What you are asked to do: Exclude any images and output the remaining records exactly.

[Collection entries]
-=-=-
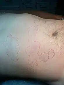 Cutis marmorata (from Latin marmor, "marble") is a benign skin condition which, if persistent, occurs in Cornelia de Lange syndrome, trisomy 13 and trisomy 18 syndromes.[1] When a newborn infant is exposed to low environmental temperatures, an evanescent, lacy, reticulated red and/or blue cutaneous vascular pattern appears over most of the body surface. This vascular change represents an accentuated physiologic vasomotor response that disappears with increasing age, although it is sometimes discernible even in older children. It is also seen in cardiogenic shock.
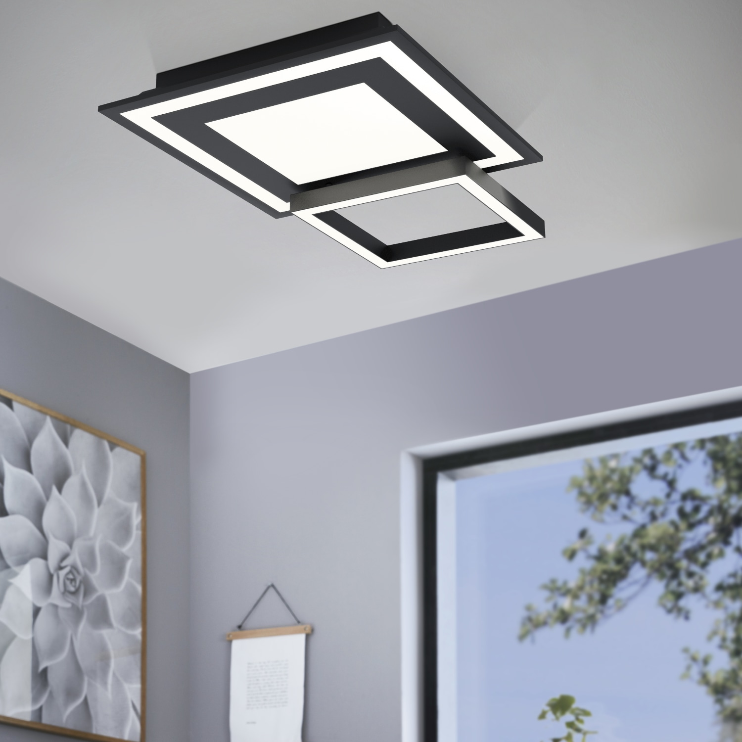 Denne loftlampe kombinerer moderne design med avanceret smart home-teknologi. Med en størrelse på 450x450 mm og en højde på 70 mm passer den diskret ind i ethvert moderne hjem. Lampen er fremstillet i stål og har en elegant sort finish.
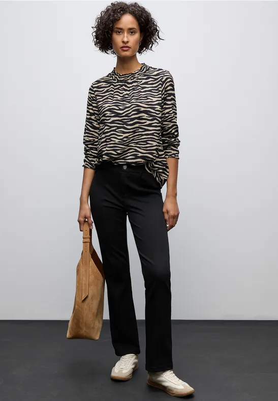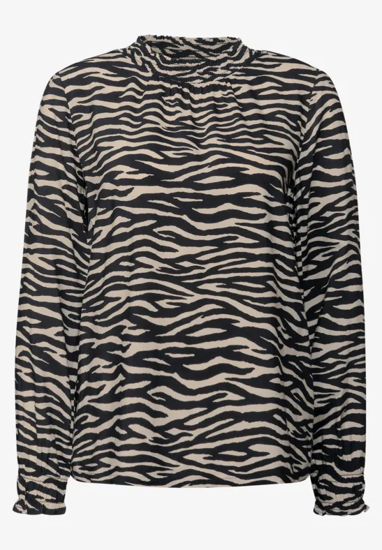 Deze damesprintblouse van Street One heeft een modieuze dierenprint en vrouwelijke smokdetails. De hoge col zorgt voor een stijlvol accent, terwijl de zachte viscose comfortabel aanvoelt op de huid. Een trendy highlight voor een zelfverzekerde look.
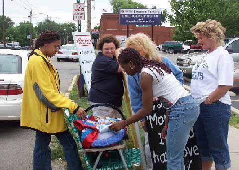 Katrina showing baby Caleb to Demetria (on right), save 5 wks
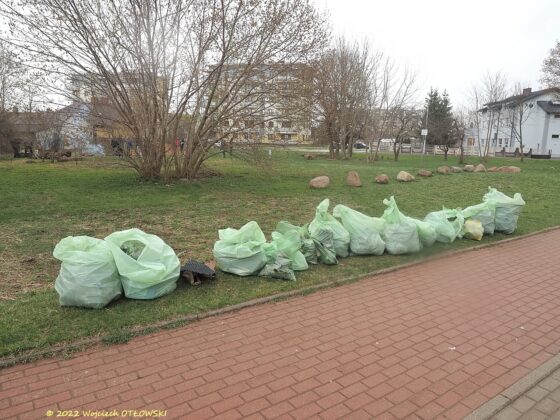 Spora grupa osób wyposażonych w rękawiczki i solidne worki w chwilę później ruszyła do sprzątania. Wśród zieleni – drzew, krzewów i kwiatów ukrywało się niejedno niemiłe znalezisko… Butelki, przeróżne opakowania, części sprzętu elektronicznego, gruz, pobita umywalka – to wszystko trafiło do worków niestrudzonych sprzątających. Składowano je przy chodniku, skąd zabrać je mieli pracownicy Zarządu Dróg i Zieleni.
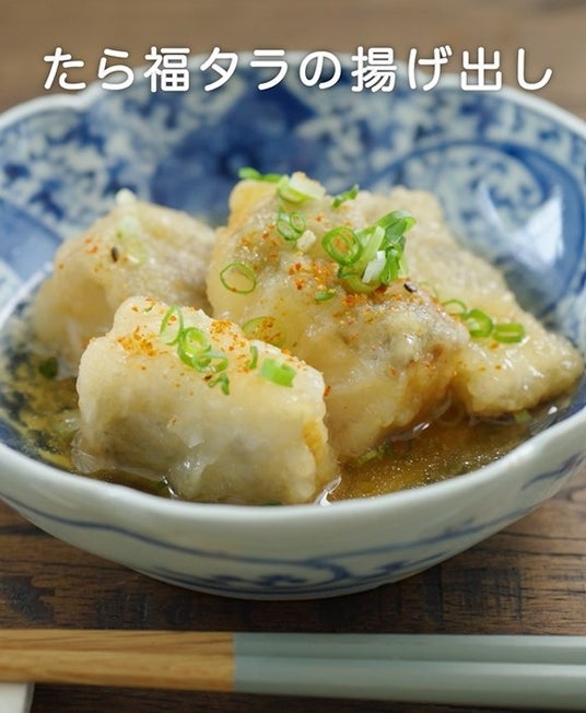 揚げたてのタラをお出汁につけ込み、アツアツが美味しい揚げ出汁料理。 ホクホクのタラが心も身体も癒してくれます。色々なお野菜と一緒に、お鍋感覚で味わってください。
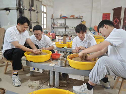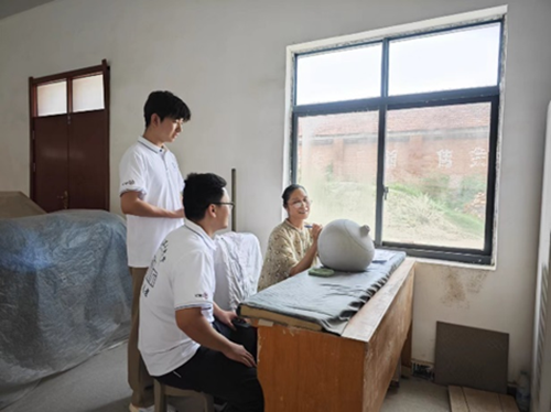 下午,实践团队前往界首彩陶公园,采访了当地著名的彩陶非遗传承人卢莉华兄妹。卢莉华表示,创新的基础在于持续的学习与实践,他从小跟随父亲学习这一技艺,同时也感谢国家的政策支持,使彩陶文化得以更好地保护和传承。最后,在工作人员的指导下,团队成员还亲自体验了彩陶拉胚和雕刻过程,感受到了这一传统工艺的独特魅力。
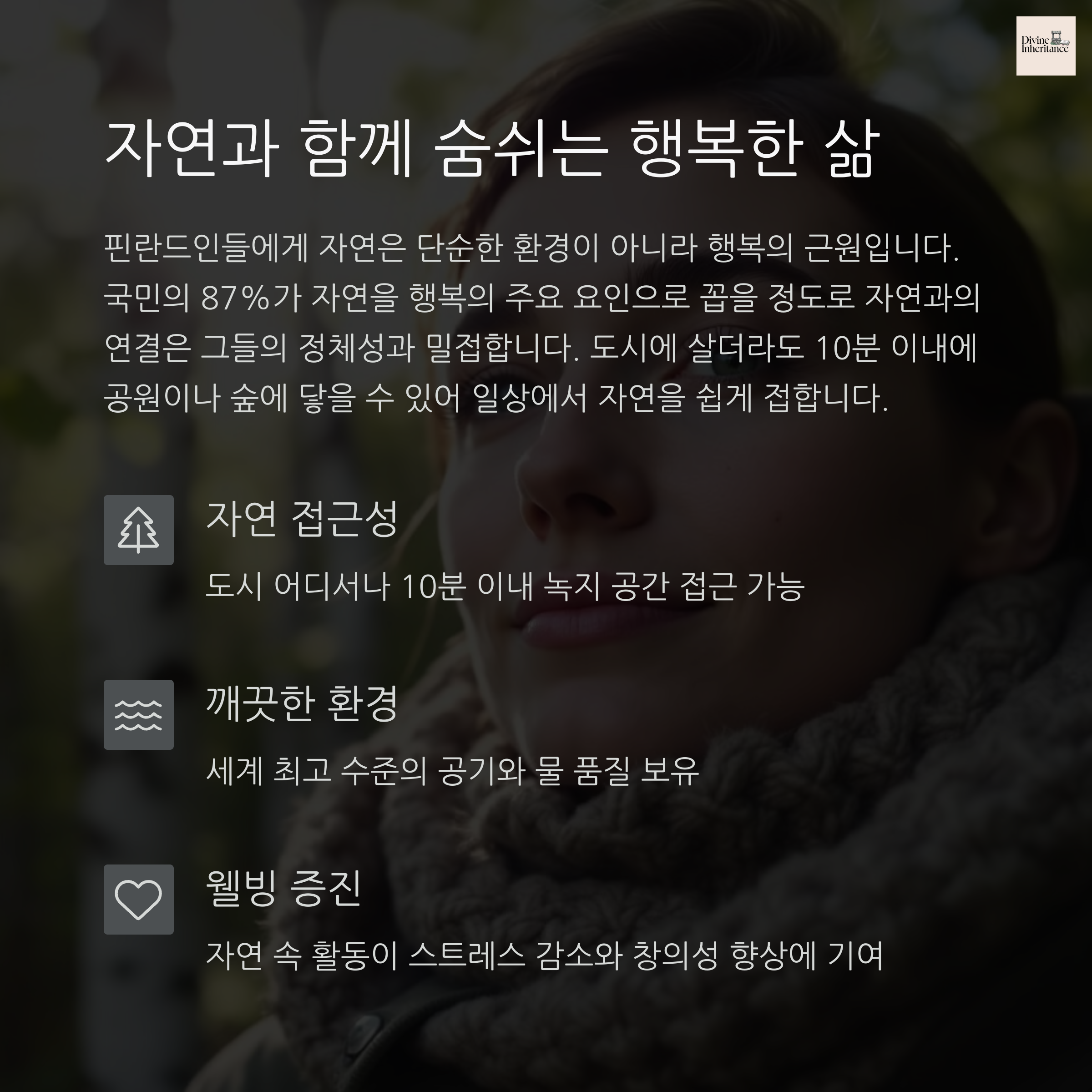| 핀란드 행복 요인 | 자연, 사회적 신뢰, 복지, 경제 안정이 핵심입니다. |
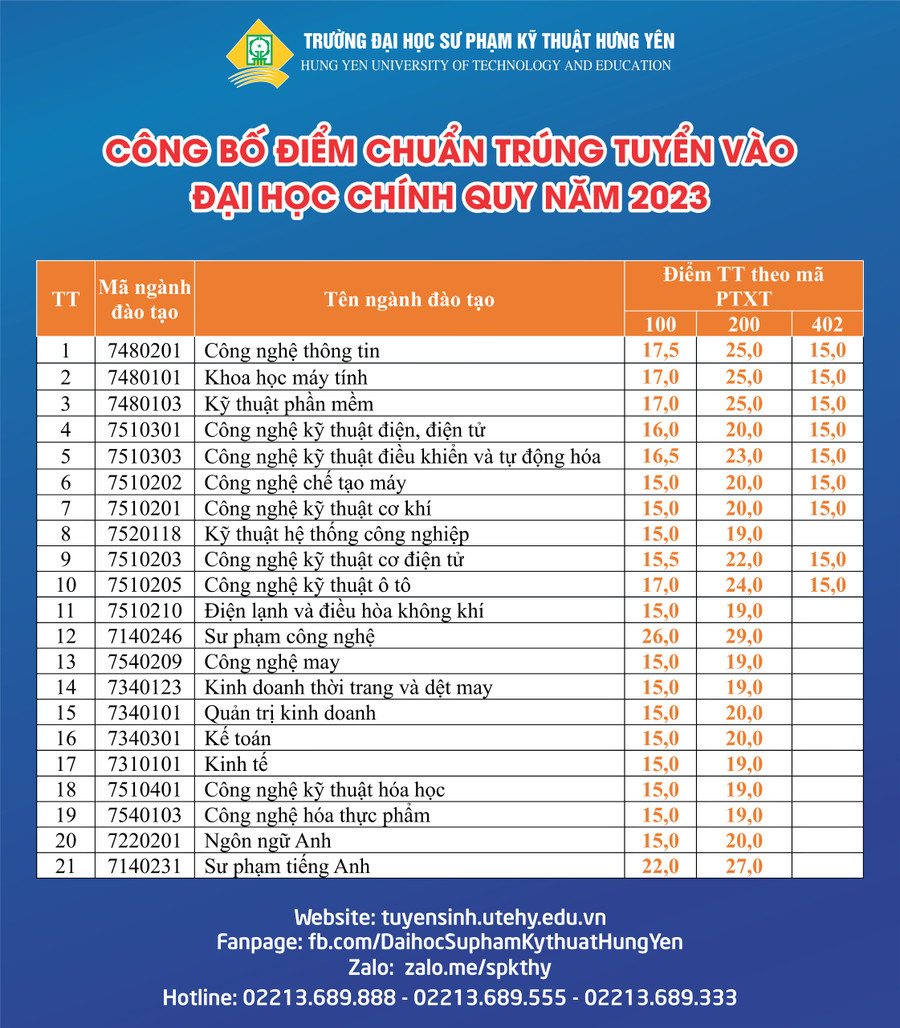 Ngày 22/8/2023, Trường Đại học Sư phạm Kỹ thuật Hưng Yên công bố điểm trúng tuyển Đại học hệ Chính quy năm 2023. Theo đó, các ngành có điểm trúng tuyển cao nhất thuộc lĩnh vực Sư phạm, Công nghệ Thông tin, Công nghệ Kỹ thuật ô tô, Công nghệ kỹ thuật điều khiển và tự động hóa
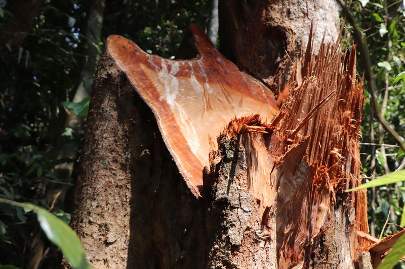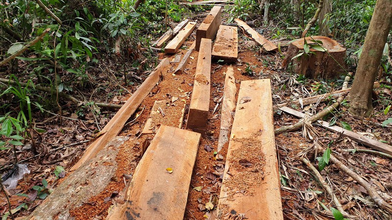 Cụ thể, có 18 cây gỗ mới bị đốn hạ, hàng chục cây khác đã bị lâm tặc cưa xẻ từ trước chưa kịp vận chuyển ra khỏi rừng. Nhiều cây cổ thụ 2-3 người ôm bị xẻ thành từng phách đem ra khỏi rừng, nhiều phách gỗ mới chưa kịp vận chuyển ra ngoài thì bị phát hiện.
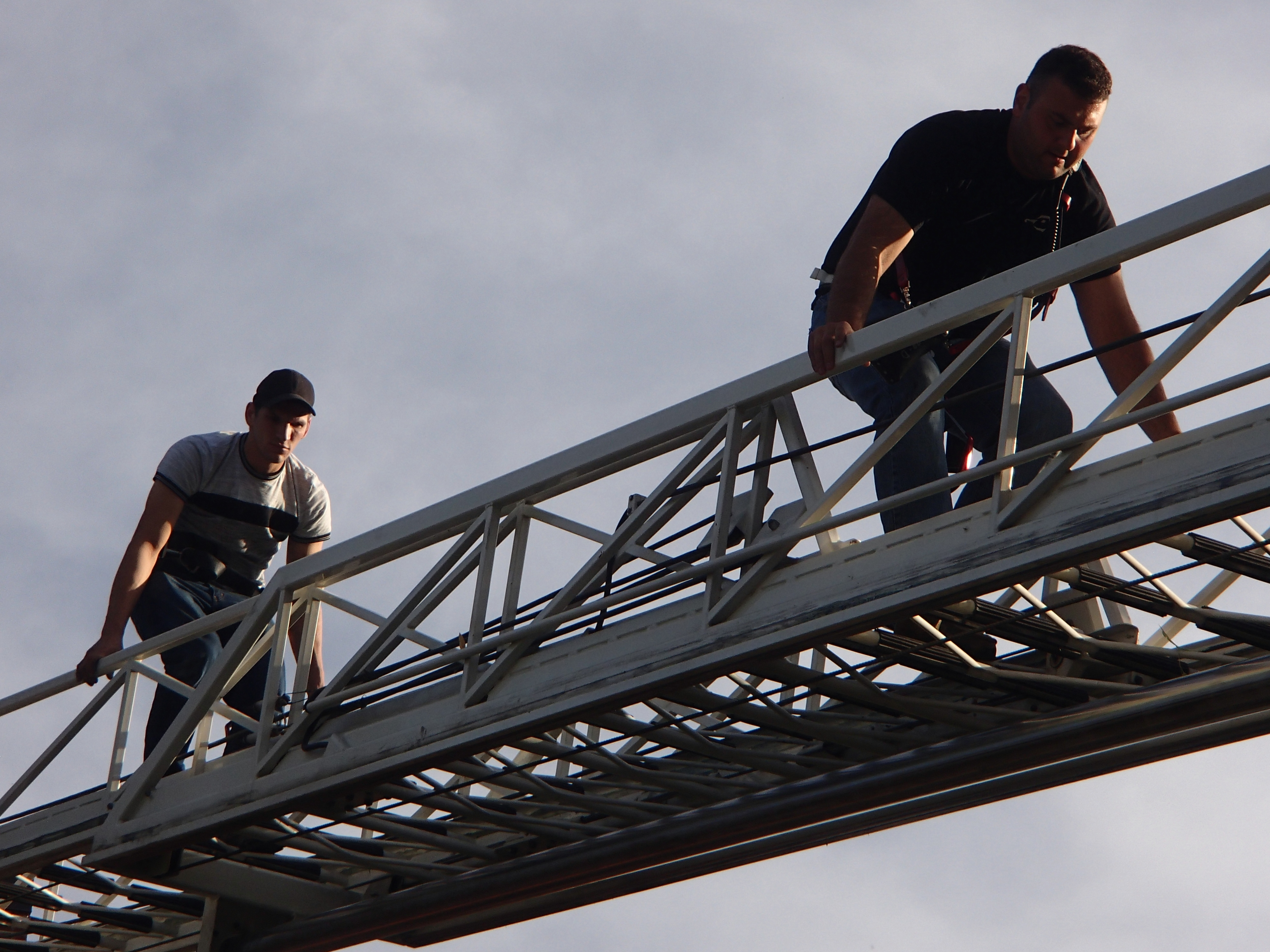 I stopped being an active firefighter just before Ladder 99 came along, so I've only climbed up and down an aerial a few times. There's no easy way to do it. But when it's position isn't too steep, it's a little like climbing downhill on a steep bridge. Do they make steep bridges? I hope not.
-=-=-
Solution:
 Cutis marmorata (from Latin marmor, "marble") is a benign skin condition which, if persistent, occurs in Cornelia de Lange syndrome, trisomy 13 and trisomy 18 syndromes.[1] When a newborn infant is exposed to low environmental temperatures, an evanescent, lacy, reticulated red and/or blue cutaneous vascular pattern appears over most of the body surface. This vascular change represents an accentuated physiologic vasomotor response that disappears with increasing age, although it is sometimes discernible even in older children. It is also seen in cardiogenic shock.
 Denne loftlampe kombinerer moderne design med avanceret smart home-teknologi. Med en størrelse på 450x450 mm og en højde på 70 mm passer den diskret ind i ethvert moderne hjem. Lampen er fremstillet i stål og har en elegant sort finish.
 Deze damesprintblouse van Street One heeft een modieuze dierenprint en vrouwelijke smokdetails. De hoge col zorgt voor een stijlvol accent, terwijl de zachte viscose comfortabel aanvoelt op de huid. Een trendy highlight voor een zelfverzekerde look.
 Katrina showing baby Caleb to Demetria (on right), save 5 wks
 Spora grupa osób wyposażonych w rękawiczki i solidne worki w chwilę później ruszyła do sprzątania. Wśród zieleni – drzew, krzewów i kwiatów ukrywało się niejedno niemiłe znalezisko… Butelki, przeróżne opakowania, części sprzętu elektronicznego, gruz, pobita umywalka – to wszystko trafiło do worków niestrudzonych sprzątających. Składowano je przy chodniku, skąd zabrać je mieli pracownicy Zarządu Dróg i Zieleni.
 揚げたてのタラをお出汁につけ込み、アツアツが美味しい揚げ出汁料理。 ホクホクのタラが心も身体も癒してくれます。色々なお野菜と一緒に、お鍋感覚で味わってください。
 下午,实践团队前往界首彩陶公园,采访了当地著名的彩陶非遗传承人卢莉华兄妹。卢莉华表示,创新的基础在于持续的学习与实践,他从小跟随父亲学习这一技艺,同时也感谢国家的政策支持,使彩陶文化得以更好地保护和传承。最后,在工作人员的指导下,团队成员还亲自体验了彩陶拉胚和雕刻过程,感受到了这一传统工艺的独特魅力。
| 핀란드 행복 요인 | 자연, 사회적 신뢰, 복지, 경제 안정이 핵심입니다. |
 Ngày 22/8/2023, Trường Đại học Sư phạm Kỹ thuật Hưng Yên công bố điểm trúng tuyển Đại học hệ Chính quy năm 2023. Theo đó, các ngành có điểm trúng tuyển cao nhất thuộc lĩnh vực Sư phạm, Công nghệ Thông tin, Công nghệ Kỹ thuật ô tô, Công nghệ kỹ thuật điều khiển và tự động hóa
 Cụ thể, có 18 cây gỗ mới bị đốn hạ, hàng chục cây khác đã bị lâm tặc cưa xẻ từ trước chưa kịp vận chuyển ra khỏi rừng. Nhiều cây cổ thụ 2-3 người ôm bị xẻ thành từng phách đem ra khỏi rừng, nhiều phách gỗ mới chưa kịp vận chuyển ra ngoài thì bị phát hiện.
 I stopped being an active firefighter just before Ladder 99 came along, so I've only climbed up and down an aerial a few times. There's no easy way to do it. But when it's position isn't too steep, it's a little like climbing downhill on a steep bridge. Do they make steep bridges? I hope not.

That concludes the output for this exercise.